早上醒來,天空一片陰霾,過後不久天空下起了滂沱大雨,我心裡產生了一陣悸動,今晚「他」會來嗎?
生命中無論何時,當你熱愛生命,老天爺也隨時給你一些驚喜,下午;雨停了,雖然在晚風的吹拂中,仍感覺到濕濕的涼意,但;天空必竟是真的放晴了。懷著一份對老天爺的感激,一份對「他」會不會赴約的忐忑心情,我提前於約會時間到達餐廳。自從我參加東石聯誼會,每次開會我就一定準時──用餐。
小學母校要辦八十週年校慶,有位鰲鼓的蔡明憲校友捐資更新圖書館硬體設備,但校長希望能更充實圖書質量,我跟金逢兄商議如何能盡一份棉薄。今晚就是我跟金逢兄合議邀請,一些在東石聯誼會常見面的下楫校友餐敘,因為邀請時既已言明餐敘之目的,這根本是個「鴻門宴」,所以才使我心情忐忑。
約會地點在中和的祥興樓餐廳,由陳皆得學長幫忙訂位,這是一間剛裝修完不久的老店,裝修設計不俗,氣氛也營造的很好。到達包廂才發現,所訂的包廂是可以容納十五人的大桌,但我們只約了十人。此時我又開始擔心如果那個「他」沒來,這間大包廂一定會讓氣氛更顯得冷清,所幸;無論他或他,都是熱愛故土的下楫校友,出席率竟然百分百。
我們沒有那套「開會」儀式,人到齊了;皆得學長直接叫餐廳上菜開席,一份東石海邊人的習性自然而生。酒過三巡,大家聊開了,這裡面的人,雖然在「聯誼會」也常見面,但不一定像今天那麼齊,今天更有一個共同的身份;下楫國小校友。大家有更接近的話題,更熟悉的話題,那不是在別的場合可以感受到的。邀約的主要目的──募集圖書,並沒有想像中那麼重要,原來;出席的校友,本就本著「縮頭一刀、伸頭一刀」的想法,因為邀請時既已言明餐敘之目的,大家也清這根本是個「鴻門宴」。
。很簡單;各自認捐,然後各自找自己要好的同學「硬捐」(有沒有找則不知道),沒想到的是;大家都帶著現金赴會,當場收集所有認捐款項。更沒想到的是;金逢兄不知要說他是老謀深算,或是「居心叵測」或是「給人方便」,竟然「多帶」了很多現金,準備「方便」那位沒帶現金的校友,這份心腸,最後沒有如願。

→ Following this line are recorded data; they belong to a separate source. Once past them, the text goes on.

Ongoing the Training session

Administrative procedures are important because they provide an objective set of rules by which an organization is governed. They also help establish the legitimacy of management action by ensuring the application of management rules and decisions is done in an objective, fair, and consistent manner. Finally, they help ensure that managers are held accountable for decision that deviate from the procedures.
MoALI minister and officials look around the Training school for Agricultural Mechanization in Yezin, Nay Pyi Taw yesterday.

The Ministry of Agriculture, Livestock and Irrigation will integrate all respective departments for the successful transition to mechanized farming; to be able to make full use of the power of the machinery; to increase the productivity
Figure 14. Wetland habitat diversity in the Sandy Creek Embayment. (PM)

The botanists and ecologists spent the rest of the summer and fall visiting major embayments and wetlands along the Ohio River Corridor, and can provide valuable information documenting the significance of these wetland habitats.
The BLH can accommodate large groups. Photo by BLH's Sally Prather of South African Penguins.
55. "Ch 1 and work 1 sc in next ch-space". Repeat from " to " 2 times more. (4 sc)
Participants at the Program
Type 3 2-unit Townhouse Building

今晚大家都找不到「同窗」,十個人有十個屆次,鄭新發(18)、陳皆得(22)、陳神生(23)、何再興(24)、張春長(25)、何金逢(27)、謝昆山(29)、王乙芳(30)、張振宗(36)、蔡政廷(無辜的鰲鼓人),但大家記憶中那一口「鄉音不改」的工友「老伍」,老實的不像話的「老葉」(管福利社鑰匙的),那讓大家可共同回憶調皮搗蛋的記憶,仿佛又鮮明躍然於眼前。今晚;大家在閒聊當中,發現有共同生長背景的一群人,在現實生活領域當中,有許多是可以產生助力的。

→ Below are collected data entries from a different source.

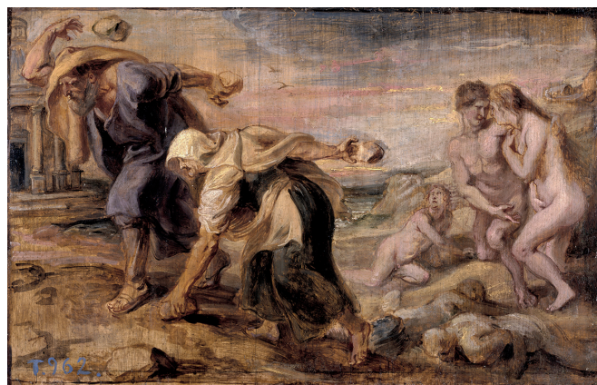
Deucalion and Pyrrha, Rubens (1636), Prado Museum.

Mathematical theorems, their proofs and ideas that give them life do not belong to anyone, not even their authors. Upon writing this, one can easily imagine the small smile appearing on the mouth of the reader, as if to betray the beginning of a small resistance to this statement. These somewhat exaggerated statements, however, are able to open the way to reflection. It is in the same way that from an indistinguishable block of stone, certain sculptors of Antiquity were able to carve beautiful and graceful figures rivalling nature. One has to mention the story of a certain Cypriot Pygmalion, who created such a lifelike sculpture and who loved it with such passion that Venus gave her life. 1 There are also many legends in which men assume the character of demiurges, 2 who give life to shapeless and inert objects. We remember, for example, the wise men Deucalion and Pyrrha, saved from the flood by Jupiter, who recreated humanity by throwing stones (probably clay stones) behind them. 3
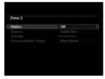
Figure 38 – Zone 2 Menu

The AVR 460/AVR 360's multizone system is accessed using the on-screen Zone 2 menu. Press the Setup Button, and use the ▲ ▼ Buttons to navigate to the Zone 2 line. Press the OK Button to display the Zone 2 menu. See Figure 38.
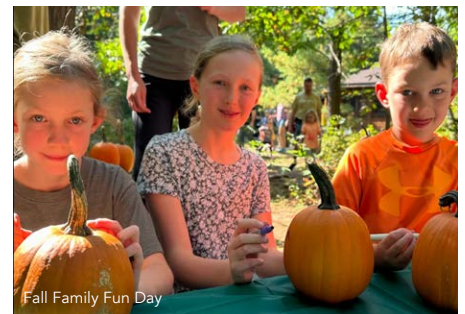
Fall Family Fun Day

From our widely recognized Water Quality Conference to our annual Holiday Tree Lighting Event—and everything in between—we strive to educate and nurture a deeper understanding of how we all play a vital role in sustaining and improving our natural environment.
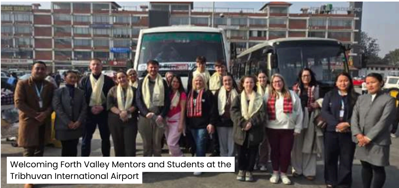
Welcoming Forth Valley Mentors and Students at the Tribhuvan International Airport
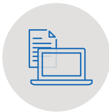
Services and back-office billing merchants
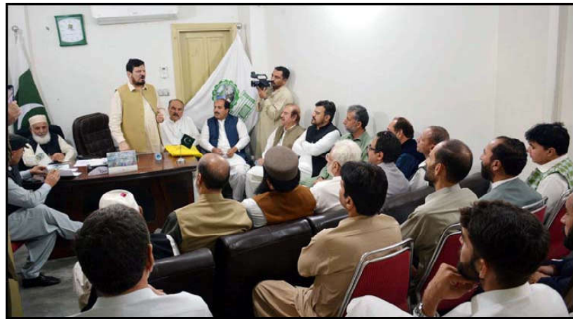
SWAT: Governor Khyber Pakhtoonkhwa Haji Ghulam Ali addressing office bearers of Chamber of Commerce & Industry and trader community during his visit of Swat.
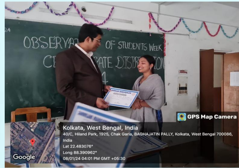
Certificate distribution of Quiz, Debate, Extempore and Photography competition on 08/01/2024.
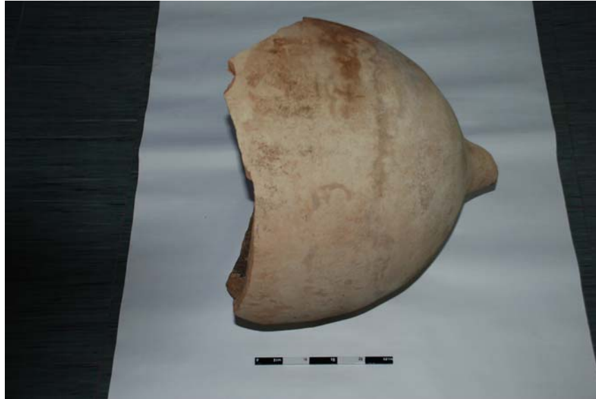
Figure 4. Kaj: Lower portion of amphora, the remnant of Indo-Roman trade.

presence of Harappan and late Harappan settlement within close proximity, for example, Nageshwar and Bet Dwarka near Okhamandal Dwarka, Kindar Kheda near Mul Dwarka (Visawada) and Kanjetar and Kaj near Mul Dwarka (Kodinar). All the three Dwarka have ancient temples dated to the 10 th -12 th century AD. Nonetheless, these sites were ancient busy ports and perhaps temples were served as coastal marker point for navigator and also they worship before embarking on the long voyage.
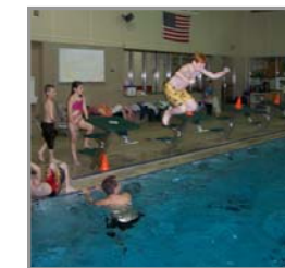
Swimming lessons at the YMCA
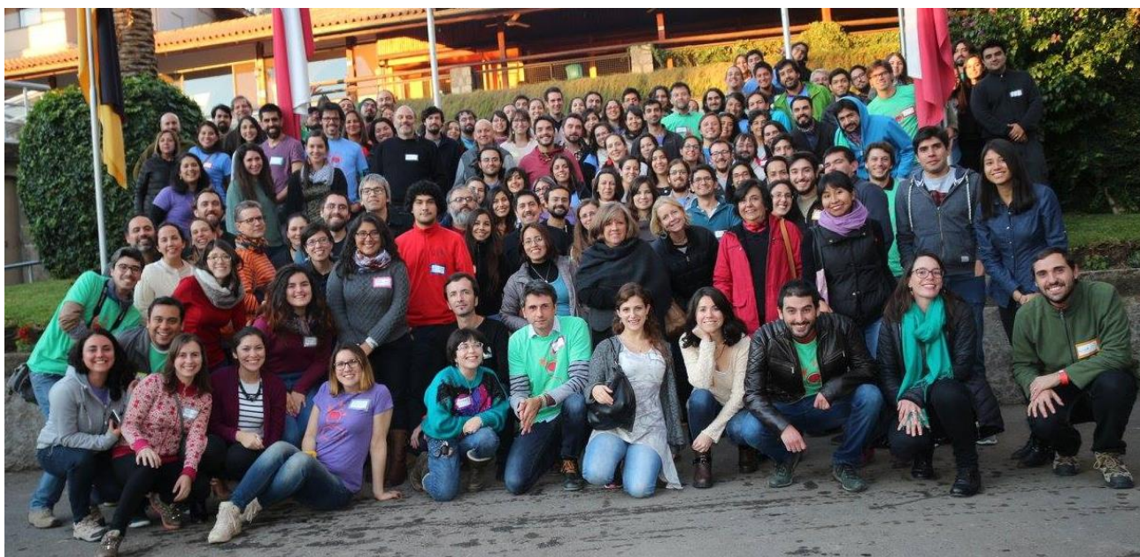
Photograph (above): The BNI team at the annual retreat in Termas del Corazón.

We also encourage the interaction of students with more than one laboratory and mentor, as a manner to enrich the opportunities and cross-fertilizing fields. During 2017, more than 10 theses were co-directed by BNI Investigators. Students are encouraged to share BNI facilities, educational and technology transfer opportunities. Postdocs, graduate, and undergraduate students take the initiative and organize regular seminars and symposia in the framework of BNI, inviting foreign established scientists, or national postdocs carrying out research periods abroad. Investigators, trainees and staff attended our annual retreat as a means to share the research culture, which fosters a sense of belonging to a school of thought.

我們這個年代的校友,都是親炙母校最「壯大」的人,更知道自己就讀過讓自己可以感到驕傲的學校,它曾經拿過全省第二名的躲避球賽,它的珠算教育成就,可以傲視群倫,它出了好多的「博士」、「碩士」,它是我們心目中的「大」學校,但現實是;我們的學弟妹,竟然只剩下「一百多人」。於是我們決定;我們要成立一個叫作,台北嘉義同鄉會東石聯誼會下楫國小校友分會的非正式組織。
這是一份難得的偶然,許多兒時的點滴,竟然在這樣不經意的聚餐當中燃起回憶,我相信;任何一次刻意召集的同窗會,它不一定會讓人有這樣自然相聚的感覺,但這一份偶然才讓大家格外珍惜。不知道誰先提起,餐會中;金逢兄突然唱出「……太平洋上盪盪,下楫黌宮巍然雄壯,矗立嘉南平原上,……」,而後;大家自然的接唱「矢勤矢勇,立志莫徬徨,勇往邁進活力旺……」。遙遠又熟悉的歌聲,那是我小學的校歌。
走出餐廳,剛才那睽違已久的校歌,好像仍縈迴耳際,記憶中;它是畢業典禮時的應景節目,現在品味,卻如同天籟。